Limited data standardization and interoperability
The current standards and technologies are incompetent to satisfy the needs of the integrative applications of Big Data in the healthcare sector. The difficulties are having two aspects. The first one is the lack of data uniform standards, consistent description format, and presentation methods. The second one is the difficulty of integrating different levels of structure, semi-
structured and unstructured data. Each database uses different software and data formats. An unstructured database makes data comparison, analysis, transfer, sharing, and other processes more complicated. Data integration also can reduce the cost.
Information barriers
The users of Big Data in the medical sector expands through a wide range such as hospital clinics, regional medical centres, medical insurance companies, drug management analysis units and medical equipment monitoring centres. The interrelated data resources are scattered in several data pools, including hospital medical records, settlement and cost data, medical firms’ records, academic medical research data, residents’ health records collected by regional health information platforms, and population and public health data of state surveys. There’s not much connection between these data sets. At the same time, the data-sharing mechanism is imperfect because of the information barriers among hospitals, research institutes and other institutes. For instance, in China, medical institutes have limited communication and sharing as a whole. With the globalization of data, Big Data in healthcare will also face language, terminology and standardization barriers.
Volume of data
The huge volume of healthcare Big Data at the terabyte level and even petabyte level is now beyond the control of personal computers and network file-sharing programs.

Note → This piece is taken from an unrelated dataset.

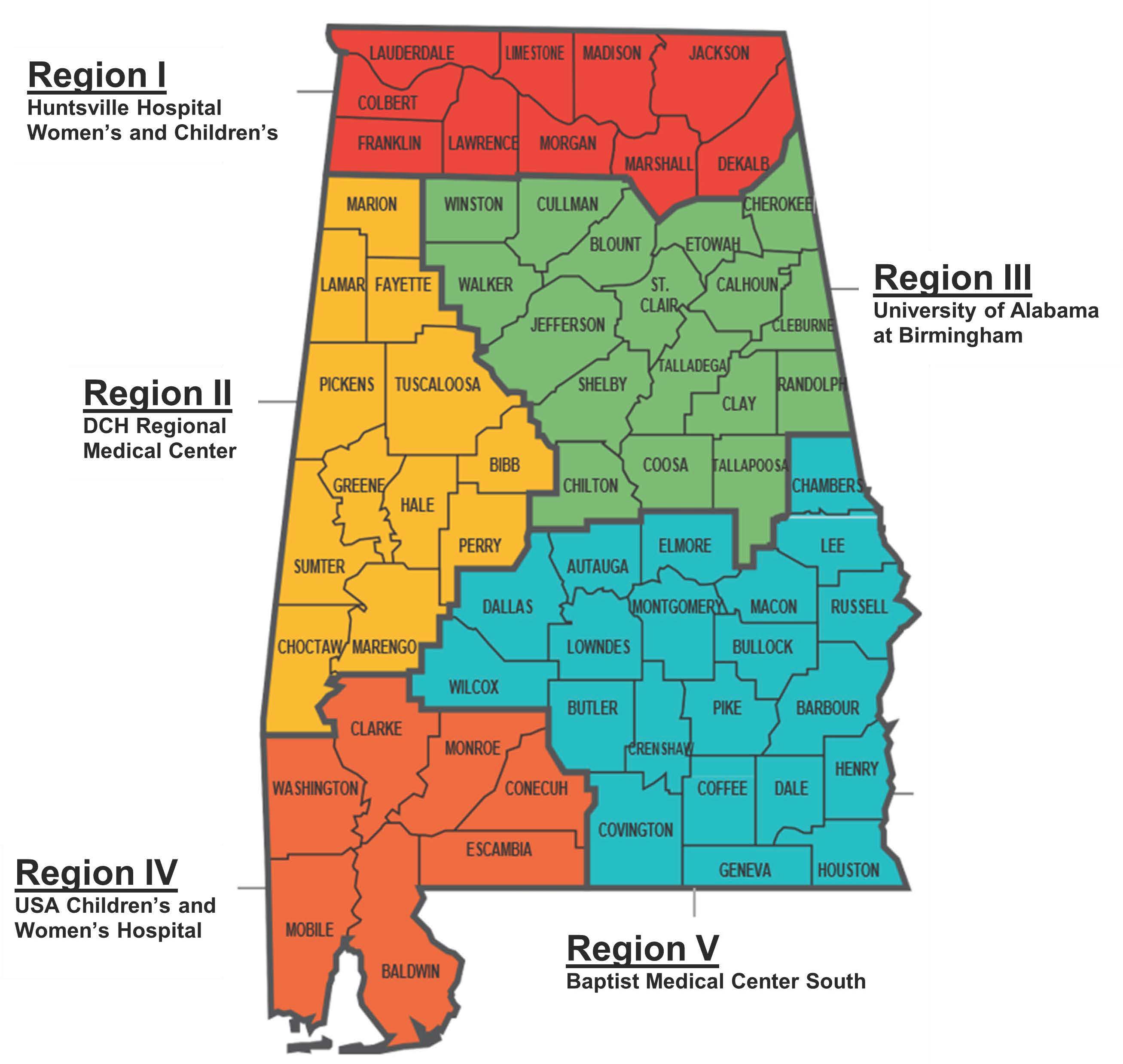 The Alabama Perinatal Program is divided into the following five regions, and Mobile County has its own Fetal and Infant Mortality Review (FIMR) program:
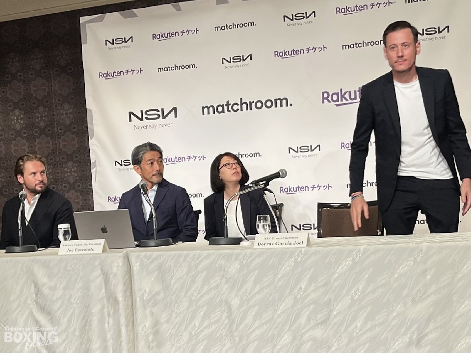 サッカーの世界的スーパースター、イニエスタ選手がヴィッセル神戸に移籍したのに伴って、日本でビジネスを展開してきたNSN社のボラス氏は「日本では、5〜6年前からビジネスチャンスを探ってきた」と、日本のスポーツ産業市場に強い関心を示し、「マッチルーム社とは、6ヶ月前から今回のプロジェクトに関する話し合いを続けてきた」。日本のボクシングの発展のために日本事務所では、日本人と外国人合わせて12名が従事していることを公表した。

Hence, establishing new sharing mechanisms is critically needed.
Data privacy
The data in healthcare sectors are more sensitive and centralized than other sorts of Big Data. The confidentiality of data is a significant concern. However, there is no determined solution for the problem of patient data privacy protection. There are many real cases in the world regarding patient data leakages and it results in unpredictable consequences. So, Big Data technology puts personal medical data at a greater risk. Some people believe that protecting personal privacy is impossible in an era of Big Data but these difficulties can be mitigated by using appropriate methods such as de-identification and digital identity encryption even though these methods still require people or applications to process.